Decentralized Federated Learning (DFL) enables privacy-preserving collaborative training without centralized servers but remains vulnerable to Byzantine attacks. Existing Byzantine-robust defenses are predicated on exchanging full, high-dimensional model vectors with every neighbor before filtering, an $O(d|\mathcal{N}_i|)$ communication cost incurred regardless of how many neighbors are ultimately rejected. This design choice is sustainable in small-scale experimental settings but becomes a fundamental barrier to deployment as network scale or model size grows. We propose SketchGuard, a framework that decouples Byzantine filtering from aggregation via sketch-based screening. Each client compresses its $d$-dimensional model to a $k$-dimensional Count Sketch ($k \ll d$), exchanges only sketches for neighbor screening, and fetches full models exclusively from accepted neighbors. This eliminates the pre-filtering communication waste of existing defenses: rejected Byzantine neighbors incur only $O(k)$ sketch cost rather than $O(d)$ full-model cost. Communication savings therefore scale with the Byzantine rejection rate: negligible extra overhead in benign conditions, rising to 50-70% total savings when 50-70% of neighbors are rejected. We prove convergence in both strongly convex and non-convex settings, establishing that Count Sketch's distance-preservation guarantee causes sketch-based filtering to deviate from full-precision filtering by at most a $(1+O(ε))$ factor in the effective threshold, a gap that can be made arbitrarily small. Experiments across three non-IID federated benchmarks, five network topologies, and four attack types confirm that SketchGuard matches state-of-the-art robustness (mean TER deviation $\leq$0.5 percentage points) while reducing computation by up to 82%, with robustness remaining stable across compression ratios up to 13,000:1.
翻译:[translated abstract in Chinese]
去中心化联邦学习(DFL)无需中心化服务器即可实现隐私保护的协作训练,但仍易受拜占庭攻击。现有的拜占庭鲁棒防御机制依赖于在滤波前与每个邻居交换完整的高维模型向量,这会产生$O(d|\mathcal{N}_i|)$的通信开销,且无论最终拒绝多少邻居,该开销始终存在。
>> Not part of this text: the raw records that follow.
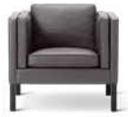
Mogensen 2334 Chair - 2334

W: 85 cm, D: 78 cm H: 78 cm, Sh: 43 cm Weight: 34 kg, Cbm: 0m 3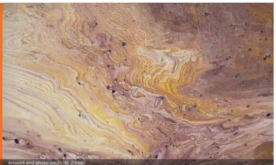
Artwork and photo credit: M. Zitron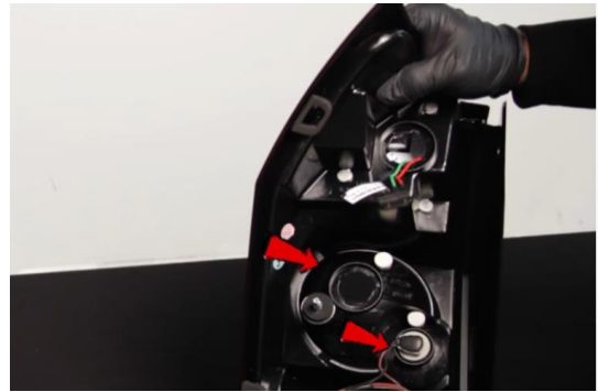
8. Install reverse socket and turn signal socket into Spyder tail light.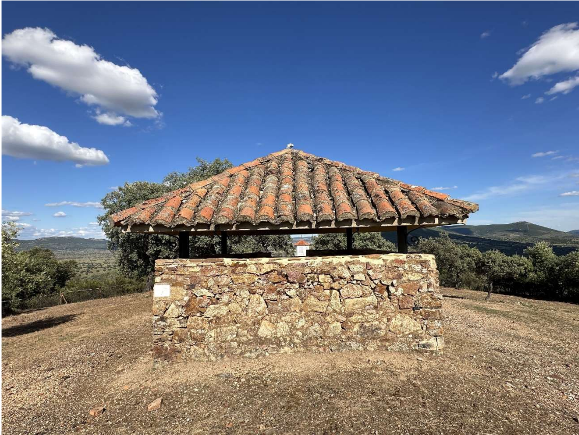
Various enhancement initiatives have been carried out at the viewpoints.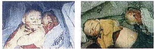
04.October.1993 Siirt-Sirvan / Daltape Village in south Eastern Turkey 33 Innocent civilian people(10 children, 7 Women, 16 Men) were murdered by PKK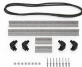
iM2306-BEZEL Base Bezel Kit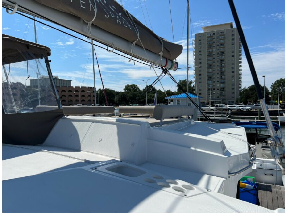
Used Sail Catamaran for sale 2023 BALI CATAMARANS Bali 4.2 - ADVENTEURE II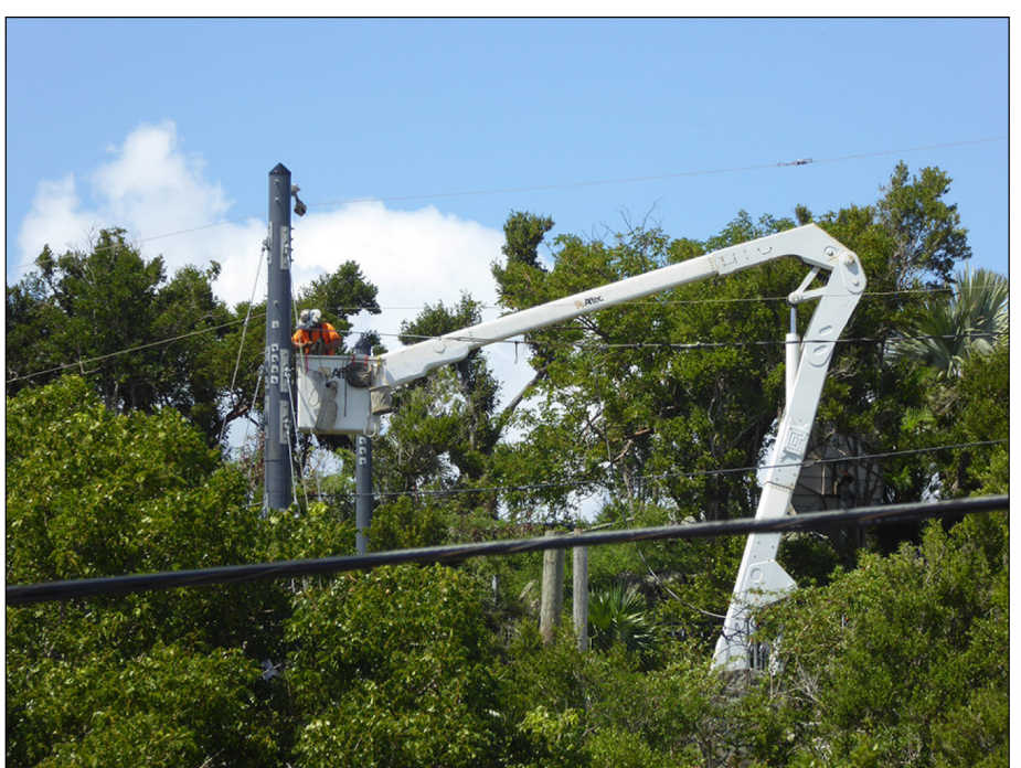
Figure 8: Composite Fiberglass Utility Poles in St. John, U.S. Virgin Islands

for 15 projects focused on repairing utilities, 7 of which included hazard mitigation measures totaling about $346.0 million.<sup>23</sup> For example, FEMA obligated $286.1 million and $50.2 million for permanent electrical distribution system repairs in St. Croix and St. John, respectively. This includes replacing damaged wooden utility poles with more resilient composite fiberglass poles that can withstand 200 mile per hour winds as well as power transmission lines and transformers (see fig. 8). Of the $502.2 million FEMA obligated for category F, the USVI had expended about $49.0 million (10 percent) as of October 1, 2018.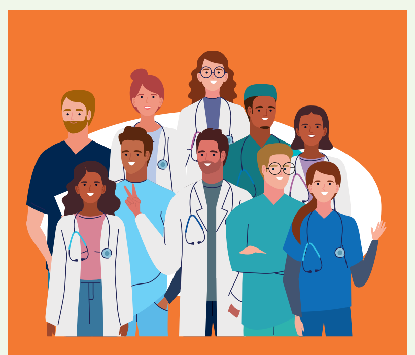
ADJUST P&T COMMITTEE MEMBERS FOR BROADER ADVICE AND QUICKER DECISIONS

COLLABORATE WITH PAYERS TO IMPROVE PATIENT ACCESS TO INNOVATIVE THERAPIES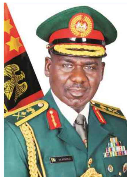
Gen. Tukur Buratai Chief of Army Staff

General Buratai said the Nigerian Army has gone ahead to see to the need for such University that will tailor their specific innovation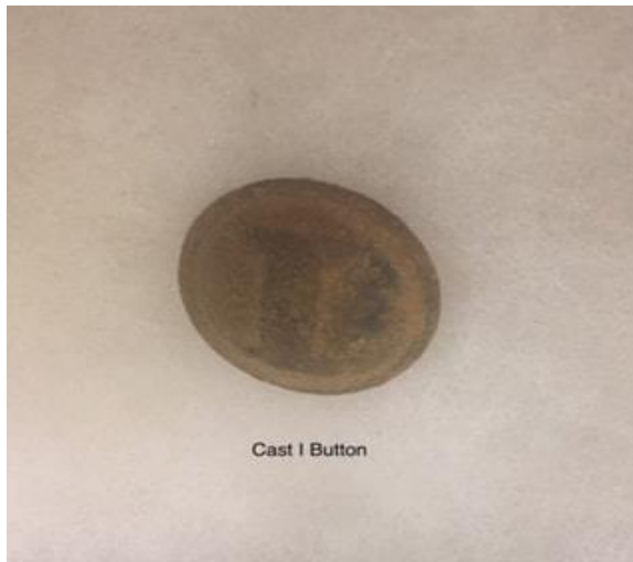
Cast I Button

Here are some relics dug earlier this year by club members.

这种设计在小规模实验场景中可行,但随着网络规模或模型尺寸的增长,它成为部署中的根本性障碍。我们提出SketchGuard框架,该框架通过基于草图筛选将拜占庭滤波与聚合过程解耦。每个客户端将其$d$维模型压缩为$k$维计数草图($k \ll d$),仅交换草图进行邻居筛选,并仅从被接受的邻居处获取完整模型。这消除了现有防御机制中预滤波阶段的通信浪费:被拒绝的拜占庭邻居仅产生$O(k)$的草图成本,而非$O(d)$的完整模型成本。因此通信节省与拜占庭拒绝率成比例:在良性条件下仅产生可忽略的额外开销,而当50-70%的邻居被拒绝时,总节省可达50-70%。我们证明了在强凸和非凸场景下的收敛性,证实了计数草图的距离保持性质使得基于草图的滤波与全精度滤波的有效阈值偏差不超过$(1+O(ε))$因子,该差距可任意缩小。在三个非独立同分布联邦基准测试、五种网络拓扑和四种攻击类型上的实验表明,SketchGuard在实现高达82%计算量缩减的同时,保持了与最先进方法相当的鲁棒性(平均TER偏差$\leq$0.5个百分点),且在高达13,000:1的压缩比下鲁棒性仍保持稳定。